## Problem to work on
Everything below from the line with "Semakin membuat rakyat" through the line with "Zielono-Czarna Taliowana Sukienka" must be retyped exactly, except the pictures.

## Record extracts

Start of Block

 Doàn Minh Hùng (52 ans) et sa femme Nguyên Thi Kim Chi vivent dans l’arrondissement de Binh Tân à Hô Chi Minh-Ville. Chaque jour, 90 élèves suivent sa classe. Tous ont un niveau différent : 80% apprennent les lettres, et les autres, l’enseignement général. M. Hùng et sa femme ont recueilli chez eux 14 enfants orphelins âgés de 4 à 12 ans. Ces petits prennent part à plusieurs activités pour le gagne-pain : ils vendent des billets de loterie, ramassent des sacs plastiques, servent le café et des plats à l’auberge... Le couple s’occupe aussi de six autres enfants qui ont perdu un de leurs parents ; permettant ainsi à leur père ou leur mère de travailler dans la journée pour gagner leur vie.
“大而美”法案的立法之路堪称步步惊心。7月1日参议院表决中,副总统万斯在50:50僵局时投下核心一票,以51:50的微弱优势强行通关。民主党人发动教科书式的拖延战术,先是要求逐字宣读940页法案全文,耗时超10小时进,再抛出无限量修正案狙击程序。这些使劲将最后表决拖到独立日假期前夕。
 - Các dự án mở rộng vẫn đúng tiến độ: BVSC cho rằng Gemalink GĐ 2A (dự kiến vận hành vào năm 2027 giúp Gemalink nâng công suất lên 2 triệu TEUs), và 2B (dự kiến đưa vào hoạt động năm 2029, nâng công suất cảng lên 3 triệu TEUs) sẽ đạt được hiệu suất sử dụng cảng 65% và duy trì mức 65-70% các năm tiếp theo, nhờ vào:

End of Block
Start of Block

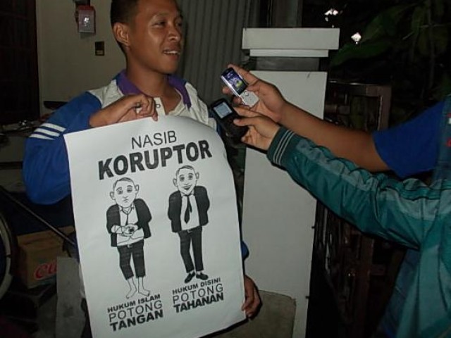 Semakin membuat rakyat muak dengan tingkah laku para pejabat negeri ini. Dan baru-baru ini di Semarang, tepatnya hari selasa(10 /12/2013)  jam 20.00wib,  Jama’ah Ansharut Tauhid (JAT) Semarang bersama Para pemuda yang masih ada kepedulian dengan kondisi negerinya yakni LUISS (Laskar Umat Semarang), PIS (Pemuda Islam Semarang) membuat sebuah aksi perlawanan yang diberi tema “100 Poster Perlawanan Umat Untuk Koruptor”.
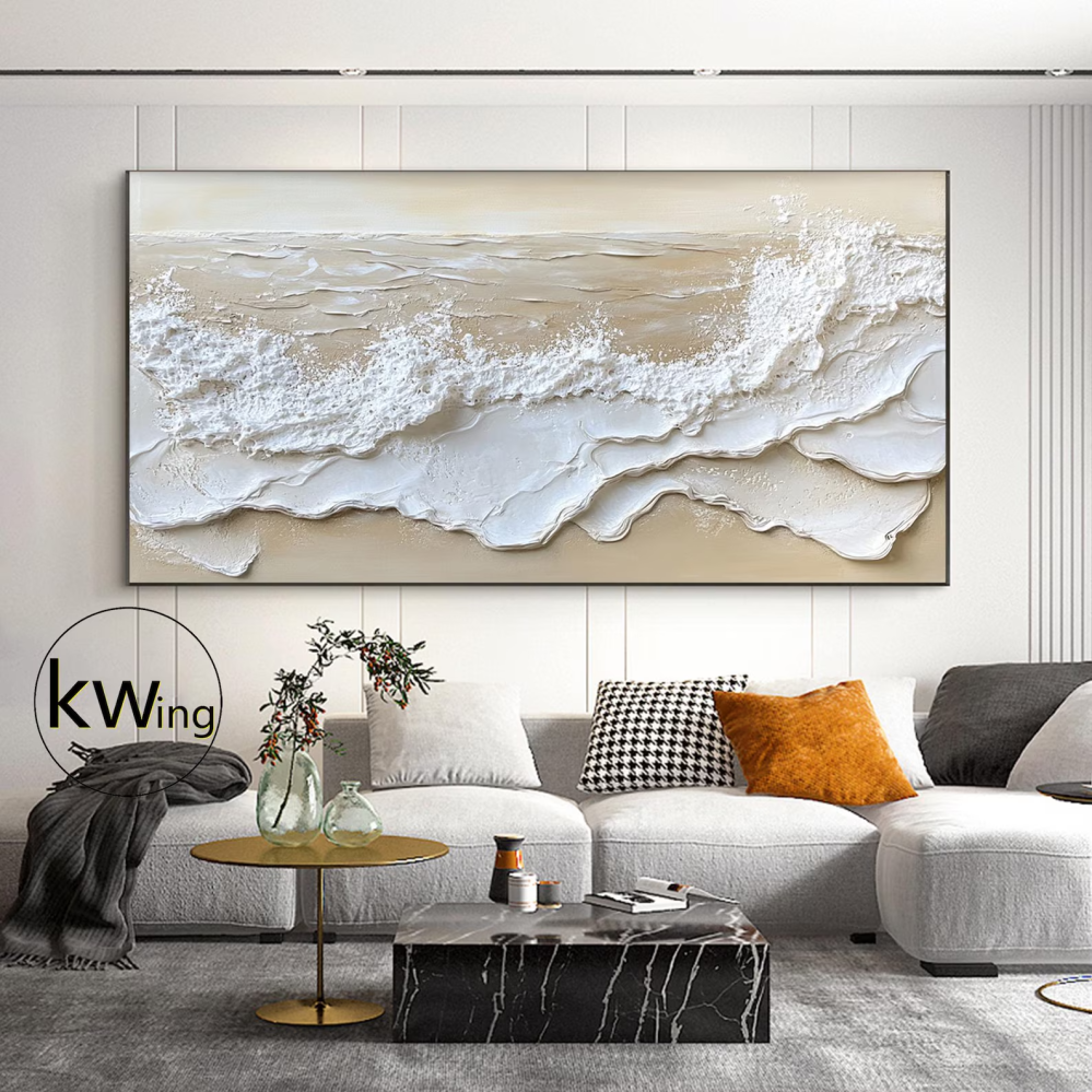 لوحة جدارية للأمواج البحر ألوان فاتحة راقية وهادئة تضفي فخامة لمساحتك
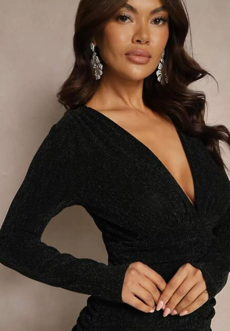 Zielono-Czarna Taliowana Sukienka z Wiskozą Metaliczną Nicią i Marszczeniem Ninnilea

End of Block
Start of Block

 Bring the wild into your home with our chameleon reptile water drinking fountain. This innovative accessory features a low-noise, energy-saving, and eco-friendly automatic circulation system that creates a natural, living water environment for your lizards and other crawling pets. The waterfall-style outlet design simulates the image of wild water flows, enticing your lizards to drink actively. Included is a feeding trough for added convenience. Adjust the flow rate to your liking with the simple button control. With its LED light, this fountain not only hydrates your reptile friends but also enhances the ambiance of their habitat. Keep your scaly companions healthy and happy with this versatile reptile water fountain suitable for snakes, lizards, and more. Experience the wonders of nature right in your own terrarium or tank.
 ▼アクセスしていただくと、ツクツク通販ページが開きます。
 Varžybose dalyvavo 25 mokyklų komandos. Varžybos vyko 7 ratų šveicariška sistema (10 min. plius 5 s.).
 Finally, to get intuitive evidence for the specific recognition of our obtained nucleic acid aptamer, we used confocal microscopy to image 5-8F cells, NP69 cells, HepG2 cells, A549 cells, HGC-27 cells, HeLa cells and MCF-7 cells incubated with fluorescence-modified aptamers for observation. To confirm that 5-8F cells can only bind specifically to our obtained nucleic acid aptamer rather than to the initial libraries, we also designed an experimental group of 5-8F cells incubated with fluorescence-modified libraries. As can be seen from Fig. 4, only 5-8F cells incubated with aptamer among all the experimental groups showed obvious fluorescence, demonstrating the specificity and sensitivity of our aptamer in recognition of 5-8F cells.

End of Block

## Exercise output
 Semakin membuat rakyat muak dengan tingkah laku para pejabat negeri ini. Dan baru-baru ini di Semarang, tepatnya hari selasa(10 /12/2013)  jam 20.00wib,  Jama’ah Ansharut Tauhid (JAT) Semarang bersama Para pemuda yang masih ada kepedulian dengan kondisi negerinya yakni LUISS (Laskar Umat Semarang), PIS (Pemuda Islam Semarang) membuat sebuah aksi perlawanan yang diberi tema “100 Poster Perlawanan Umat Untuk Koruptor”.
 لوحة جدارية للأمواج البحر ألوان فاتحة راقية وهادئة تضفي فخامة لمساحتك
 Zielono-Czarna Taliowana Sukienka z Wiskozą Metaliczną Nicią i Marszczeniem Ninnilea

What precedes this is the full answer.